3.8.11. Lentiviral Plasmid Construction.

Cdk5 shRNA lentiviral plasmid (pLKO.1) was purchased from Sigma-Aldrich (TRCN0000278085). Cdk5-Myc-FLAG in pCMV6 (MR204021) was purchased from Origene (Rockville, MD). Mutations conferring shRNA resistance (1325- CCCTGAGATTGTGAAGTCATTC-1346 to CCCTGAaATTGTGAAGagtTTt) and all serine to alanine mutations were produced using the Q5 Site-Directed Mutagenesis Kit (NEB) according to the manufacturer’s protocols. All primers were designed with the NEBaseChanger software.

shRNA resistant mutant or WT Cdk5 was then linearized by using the Q5 Hot Start High-Fidelity 2x master mix and the pEF-ENTRA A⁷³ entry vector was linearized by digestion with BamHI-HF and XbaI. Linear DNA was then gel purified using the Zymoclean gel DNA recovery kit (Zymo Research, Irvine, CA) and assembled with the NEBuilder HiFi DNA assembly kit according to the manufacturer’s protocol. The Cdk5 entry vectors were then recombined with the pLENTI CMV GFP⁷³ destination vector using the Gateway LR Clonase II Enzyme mix (ThermoFisher) as described by the manufacturer. The final lentivectors were then amplified in Stable Competent E.
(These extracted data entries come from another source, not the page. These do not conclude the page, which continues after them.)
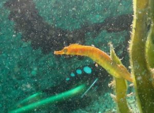 水面の浮遊物の下ではアオリイカの子供が群れていました!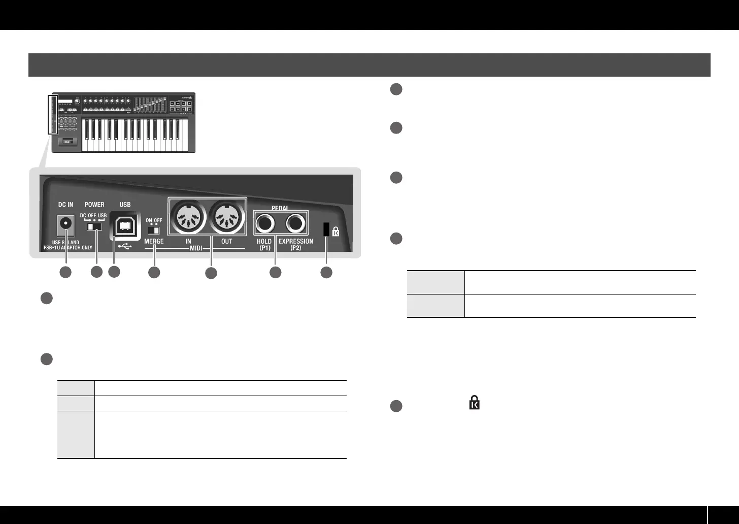 * Use only the specified expression pedal (EV-5 or EV-7; sold separately). By
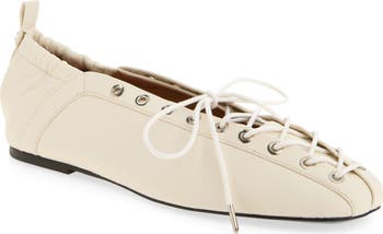 Taking inspiration from the world of dance, this square-toe flat features a ballerina-informed profile secured with ghillie lacing.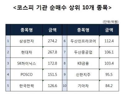 [코스피 기관 순매수 상위 10개 종목]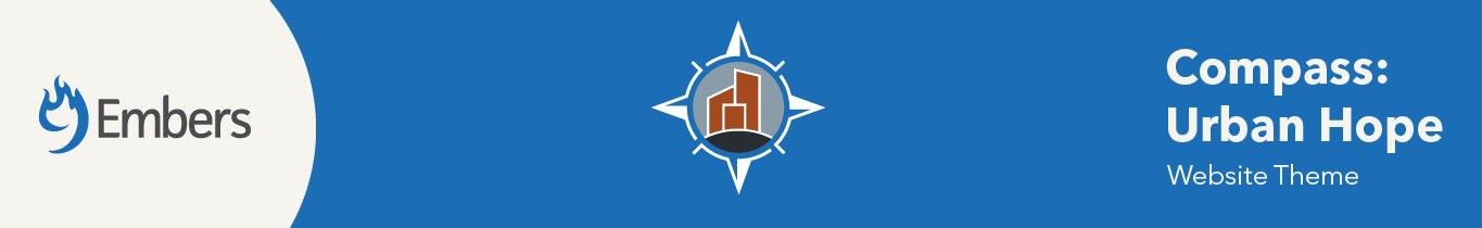 Compass: Urban Hope is a modern website theme for Rock that helps churches launch a new site or refresh an existing one without the cost or timeline of a custom build. Built for designers and content creators, it includes flexible color options, dark-mode support, accessible navigation, and no-code content components that make it easy for staff to manage pages and keep content updated.
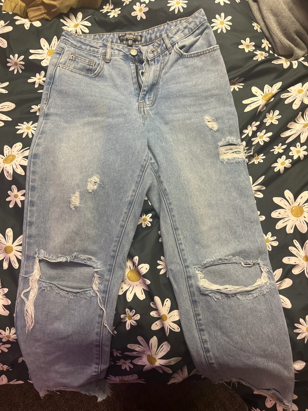 Light wash mom jeans from Missguided with ripped detailing. These jeans are a size 2 in US, petite.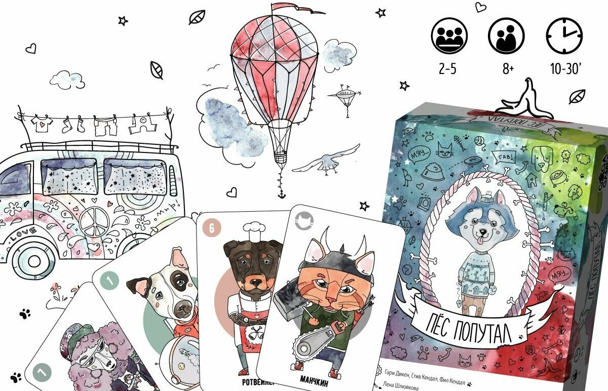 Пес Попутал – одна из самых симпатичных настольных игр, каждая карточка которой была вручную нарисована акварельными красками, а затем оцифрована. Картинки хочется разглядывать снова и снова. Прибавьте компактный размер, простые правила, механику, вызывающую азарт с первой партии – и вот перед вами отличная игра, которая скрасит не один семейный вечер.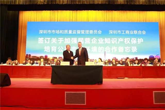 市市場監(jiān)管委黨組成員、市場監(jiān)管局副局長夏昆山與市工商聯(lián)主席、市總商會會長陳志列分別代表兩家單位簽署《市市場監(jiān)管委、市工商聯(lián)關于加強民營企業(yè)知識產(chǎn)權(quán)保護培育公平市場環(huán)境的合作備忘錄》,雙方將在知識產(chǎn)權(quán)培訓、業(yè)務指導、加大知識產(chǎn)權(quán)維權(quán)力度、促進知識產(chǎn)權(quán)運營孵化等四大方面進行深度合作。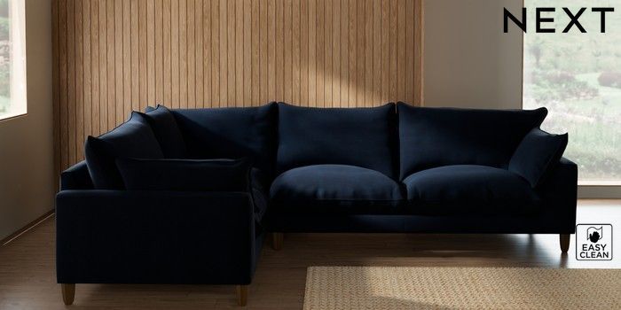 7.2.10 Noa Deep Relaxed Sit Large Corner Sofa - Left Hand Fine Chenille Easy Clean Dark Navy Blue High Leg - Mid | Made Click here to use our website with more accessibility support, for example screen readers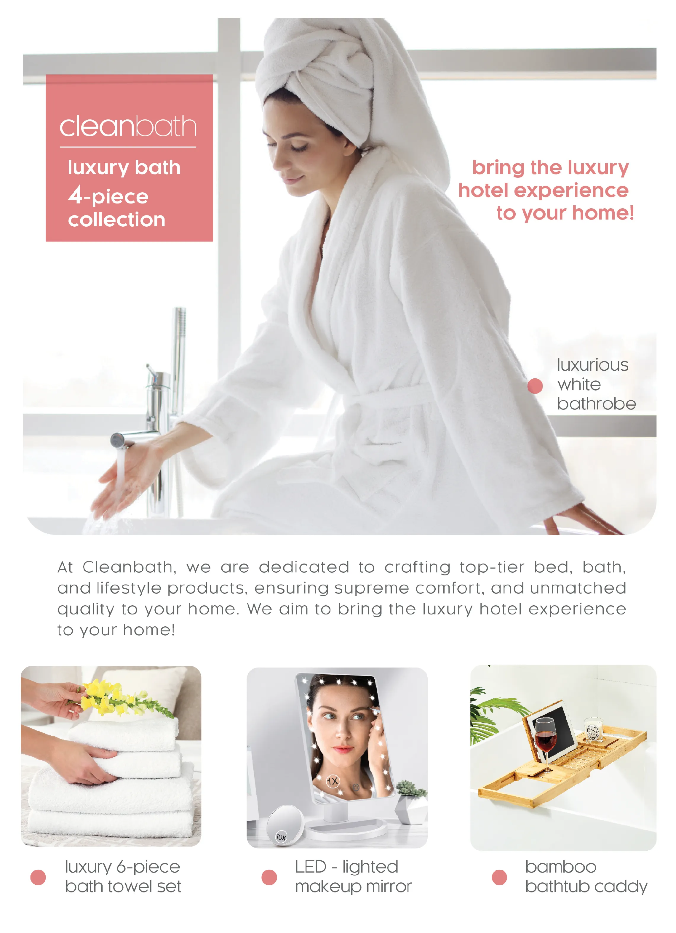 At Cleanbath, we are dedicated to crafting top-tier bed, bath, and lifestyle collections, ensuring supreme comfort, sustainable materials, and unmatched quality for both homes and hospitality. We prioritize quality and adhere to strict quality standards, harmonized with our contemporary designs. We aim to bring the luxury hotel experience to your home!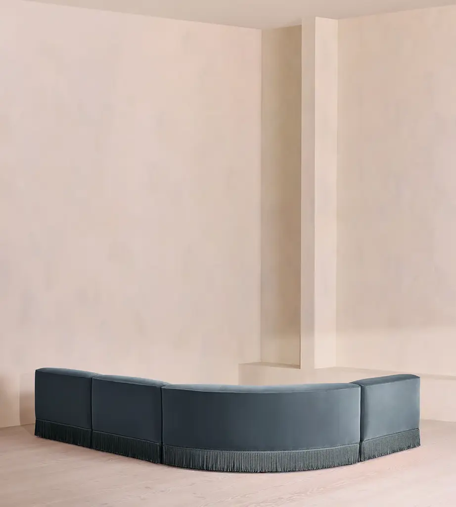 A fully upholstered sectional style with tonal fringing, piping and button detailing. Our Elowen L-shaped sofa features fixed backrests and seat cushions. The tassel fringe and tufted buttons complete the velvet upholstery, which is available in a range of bespoke shades.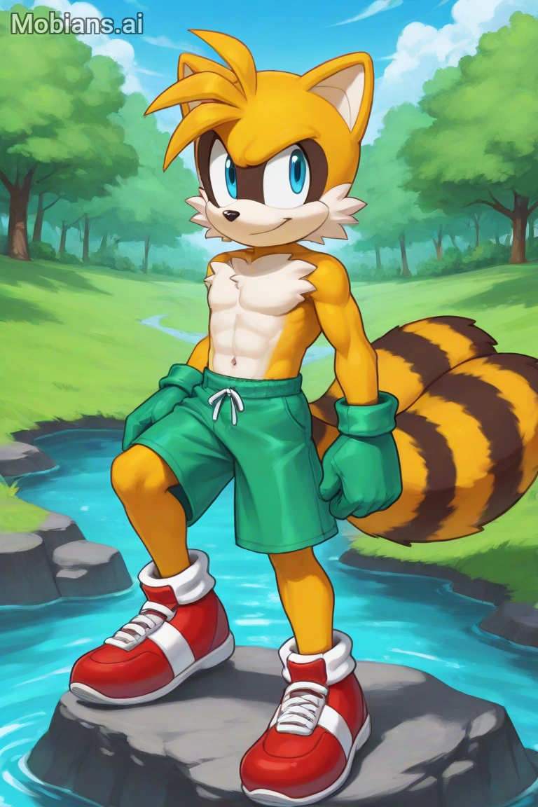 Second is the son of Tails and Marine, a two-tailed raccoon! He may be a bit adventurous, like his mum. His name is Matthew, or Matt.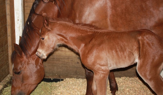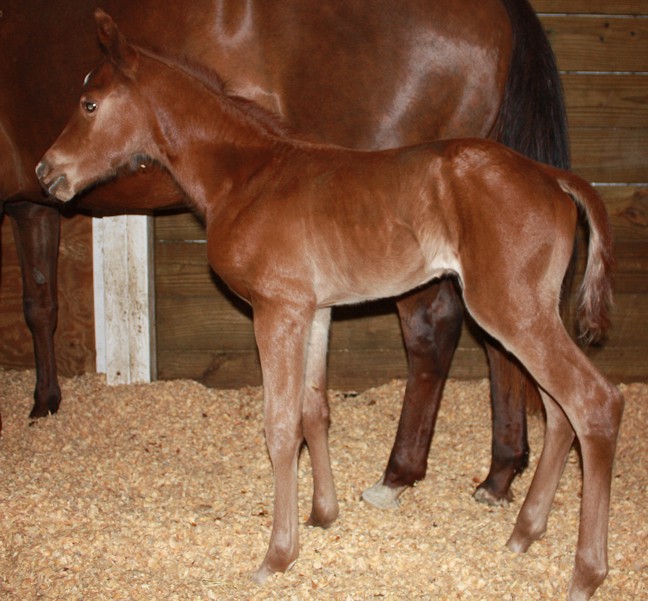 Born 2/19/2010 AQHA Chestnut Filly HYPP N/N Sire: Invest In My Pizzazz Dam: Shesa Statuette (by Statutory)
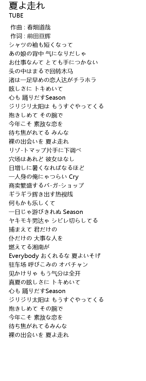 | [02:31.82] | Everybody おくれるな 夏よいそげ |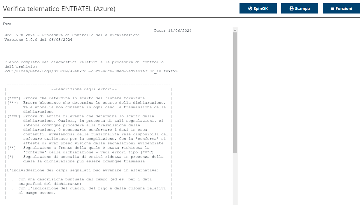 - Invio del 770 senza SpinOk;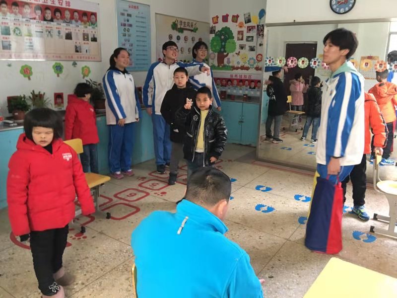 到达特校后学生们分成两组,换组到聋部和培智部听课,了解特校的情况。同学们一走进教室,孩子们们早已等候在那里。这是一群特殊的孩子,他们有的患有智障,有的则患有听力、语言等障碍。特校的孩子们虽然身体上有缺陷,却依旧不失孩童的那份天真可爱。课间,学生们与孩子们开展小游戏,在游戏的过程中,孩子们从陌生到熟悉,游戏从简单到复杂,促进了孩子与学生们之间的交流沟通,孩子们的脸上也露出开心的笑容。作为大哥哥大姐姐,同学们与孩子们亲切交流,并鼓励他们要对未来充满信心,克服人生中的坎坷,让特殊学校的孩子们感受到关心和关爱,增强了他们接触外界的信心和勇气。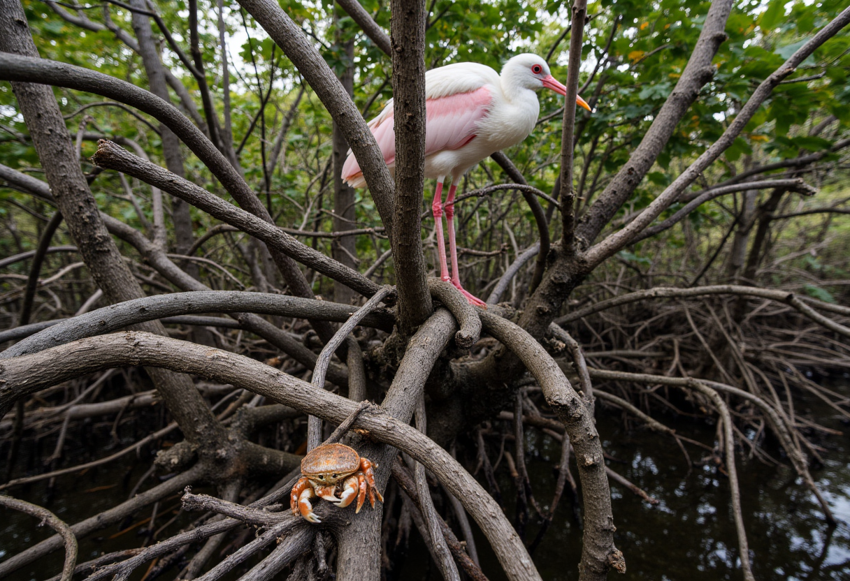 - Spoonbills, ibises, herons, and even the occasional eagle roost or nest in the canopy—making mangroves prime spots for birding and wildlife viewing.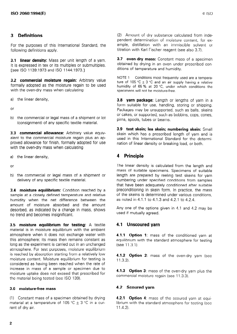 ISO 2060:1994 - Textiles — Yarn from packages — Determination of linear density (mass per unit length) by the skein method Released:11/17/1994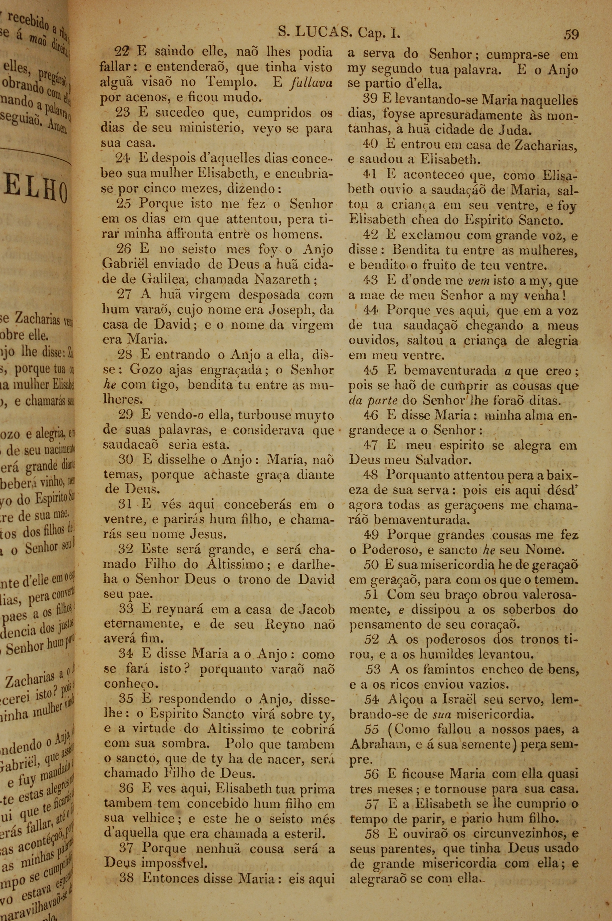 1819年葡萄牙语新约全书 路加福音 1 章 22 节到 1 章 58 节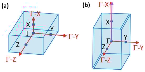 First Brillouin zones of PE (a) and P3HT (b). The high symmetry points X, Y, Z, and Γ are labelled. The paths Γ-X, Γ-Y, and Γ-Z are shown with red arrows and correspond to the phonon band structure paths shown in Section 2.5. In all systems, Γ-Z is parallel to the polymer axis. The Bravais lattice is primitive orthorhombic for PE (and also for PT—not shown here) and primitive monoclinic for P3HT. Thus, in P3HT, the Γ-X direction (red arrow) is slightly inclined relative to the real space direction x (purple arrow).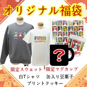 裏起毛暖スウェット・Tシャツ・マグカップ、プリントクッキー、豆菓子の5点セットです。

coli (New England Biolabs), purified using ZymoPURE II Plasmid Kit (Zymo Research, Irvine, CA), sequenced (Laragen, Culver City, CA), and resolved by 1% agarose gel electrophoresis to ensure plasmid fidelity.

3.8.12. Lentivirus Production.

HEK 293T cells were transfected with the lentiviral plasmids produced above, as well as lentiviral packaging plasmids (ViraPower Lentiviral Packaging Mix, ThermoFisher), using Lipofectamine 3000 (ThermoFisher) at 90% confluency according to manufacturer’s instructions.

The virus was harvested by collecting media every 24 hours for 3 days. Lentiviral particles were concentrated approximately 50 fold at 4 °C using 15-mL 100 kDa MWCO Amicon concentrator tubes (MilliporeSigma), flash frozen immediately, and stored at -80 °C until use. Lentiviral titer was estimated by traducing neurons with a dilution series of lentivirus and estimating transfection efficiency by GFP fluorescence confocal microscopy or determining Cdk5 expression levels compared to endogenous by WB. In all cases, neurons were assayed at least 7 days after transduction.